OREM — The City Council voted Tuesday night not to fast-track a proposed split from the Alpine School District.

While the council vote to study the feasibility of Orem forming its own school district was unanimous, council members said it needs a lot more information on costs, the impact on teachers and other factors before moving forward on the proposal that was made possible by a new law passed this year by the Legislature.

Alpine is the third largest school district in the state, covering all of Utah County from north of Provo.

"I'm going to vote in favor of this, because I don't think there's anything too dangerous about talking about it," said Councilman Dean Dickerson during the discussion. "I think we need to look at the facts. I think the facts will help the residents of Orem make an intelligent decision."

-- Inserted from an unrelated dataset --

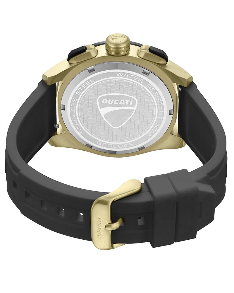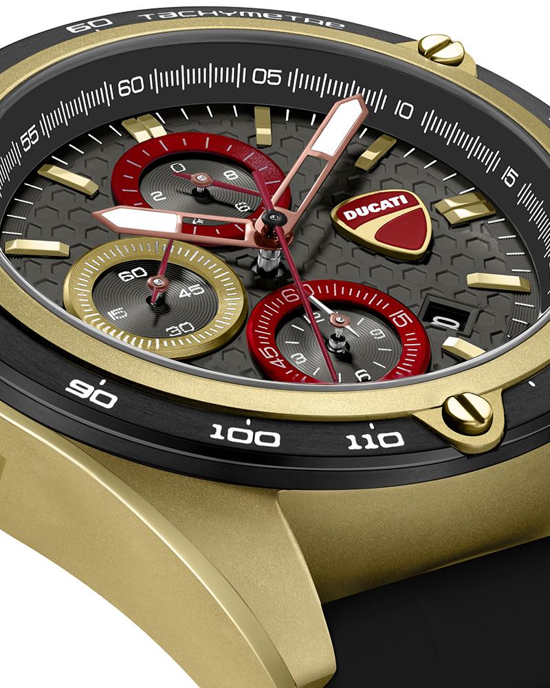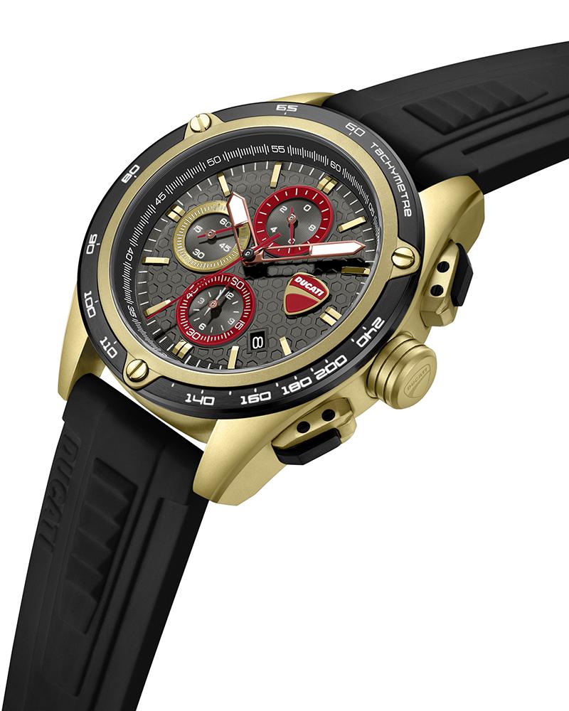A machine that never backs off, DT028 commands attention with its 44 x 52mm ion-plated khaki case. The gray matte dial is cut with a dynamic honeycomb texture, overlaid with red-ringed sub-dials that echo Ducati’s instrument clusters. At 3 o’clock, the Ducati logo marks its territory – unmistakable and proud. The tachymeter bezel in ion-plated black and khaki frames the action. The crown and pushers are rugged and built for control. Finished with a bold black silicone strap, DT028 delivers the energy, detail, and edge every Ducati fan looks for.
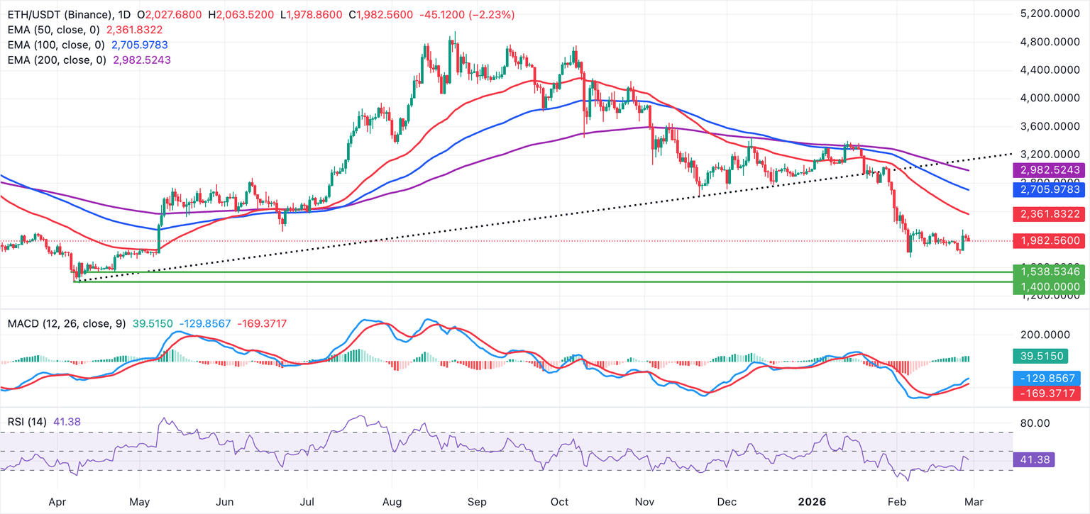 Ethereum se cotiza por debajo del nivel clave de 2.000$, afirmando un sesgo bajista a corto plazo mientras los inversores se vuelven cautelosamente alcistas después de que el token rebotara desde su mínimo semanal en 1.800$.

The vote came after 45 minutes of community debate. Residents were split down the middle of the room — literally — with a handful of those opposed to conducting the study on one side and a line of those in favor spilling out council chamber doors on the other side.

"I am pleased with the decision to go forward with the study," said Orem resident Lonnie Iverson, who favors researching the possibilities. "I'm not stupid enough to say that we should do this no matter what. If issues come up that make this unreasonable, then we'll just have to swallow our pride, but Alpine has been too unresponsive to our needs to not look at it."

Other community members were less pleased.

"I'm a product of the Alpine School District, and there were problems with it, but it doesn't seem like it's anything that dividing the school district would solve," said Ryan Hess, who graduated from high school last year. "It would take time and money to create a new district, whereas we could use that time and money to improve the district we have now."

City council members from both Cedar Hills and Lindon were present at the meeting and asked for their cities also be considered for inclusion in the proposed new district. Orem council members shied away from making any commitments just yet.

The study will focus initially on Orem alone, although the motion made allowances for neighboring cities to be included if they express interest soon.

"I think it needs to be clear that no doors have been shut," Mayor Jerry Washburn said. "This motion allows the (study) consultant to look at different combinations to see what makes sense and what does not make sense. But by including a community in the study, it does not guarantee that the city will be included in the new district if we decide to go forward."

The idea to create a new district was brought to the council in early May by residents wielding a petition containing 1,000 signatures.

The new law allows large cities to create a new school district if a study finds a city school district feasible.

It is possible the Orem issue could appear on November's ballot, though no specific time frame for completing the study has been set.